**YOUR GOAL:** Recreate the listing that follows line for line, without pictures.

**DATA:**
···
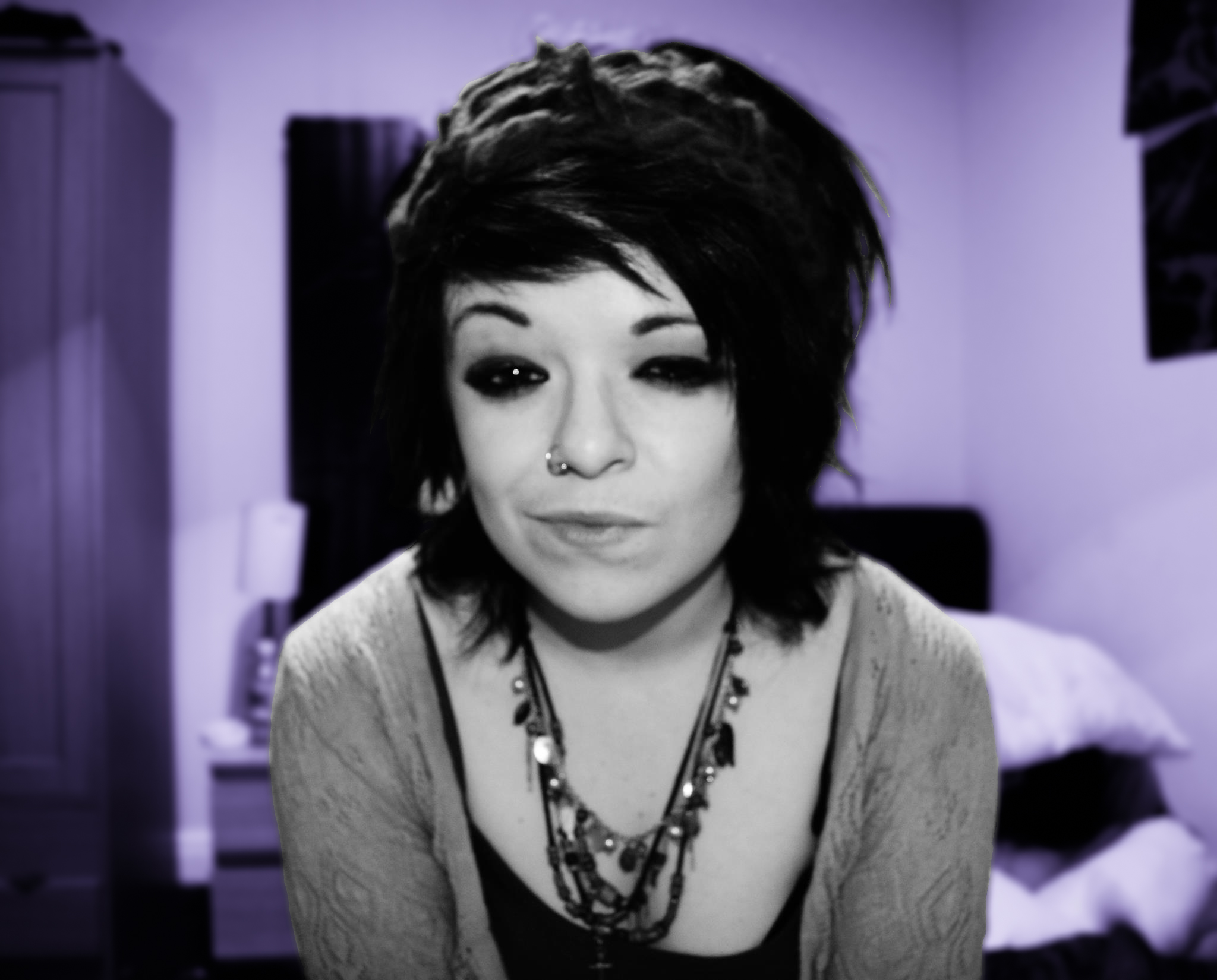 Color portrait of chiptune musician Chipzel
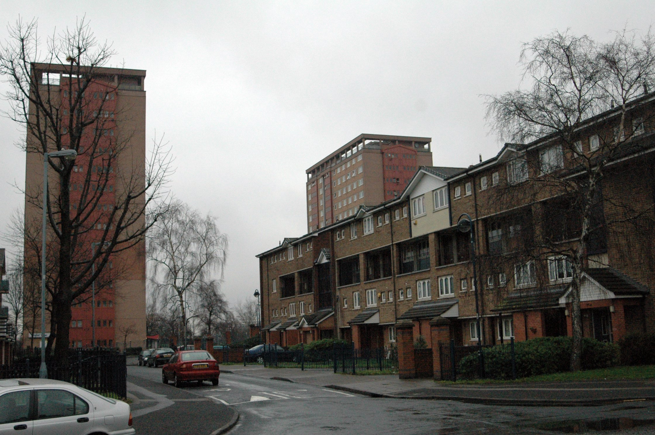 Created by Erebus555. This image shows flats in the Duddeston area of Birmingham.
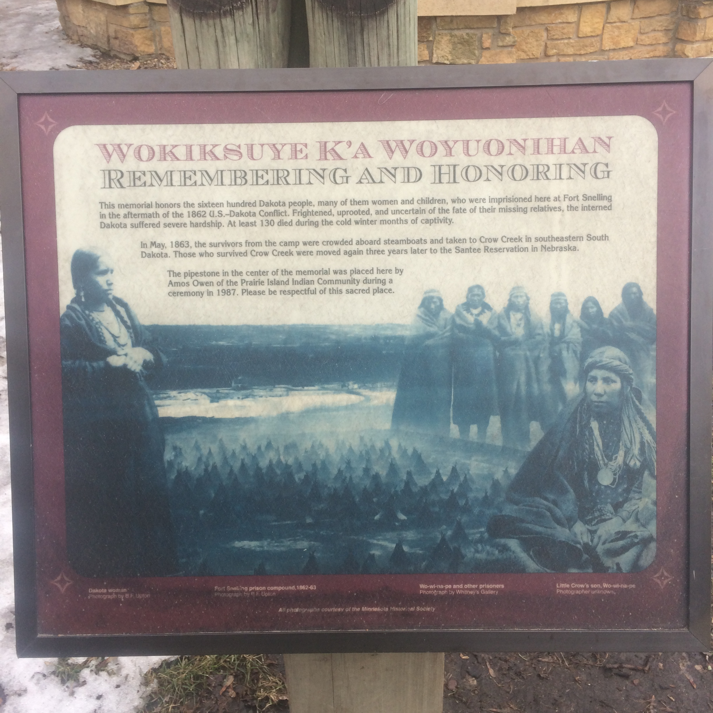 A board remembering and honoring the Dakota people that were interned at Fort Snelling, both living and dead
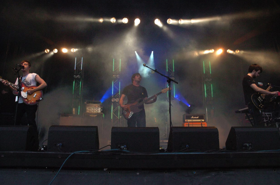 'The Automatic performing at this years Barry Waterfront Festival'
···
**RESPONSE BOX:**
 Color portrait of chiptune musician Chipzel
 Created by Erebus555. This image shows flats in the Duddeston area of Birmingham.
 A board remembering and honoring the Dakota people that were interned at Fort Snelling, both living and dead
 'The Automatic performing at this years Barry Waterfront Festival'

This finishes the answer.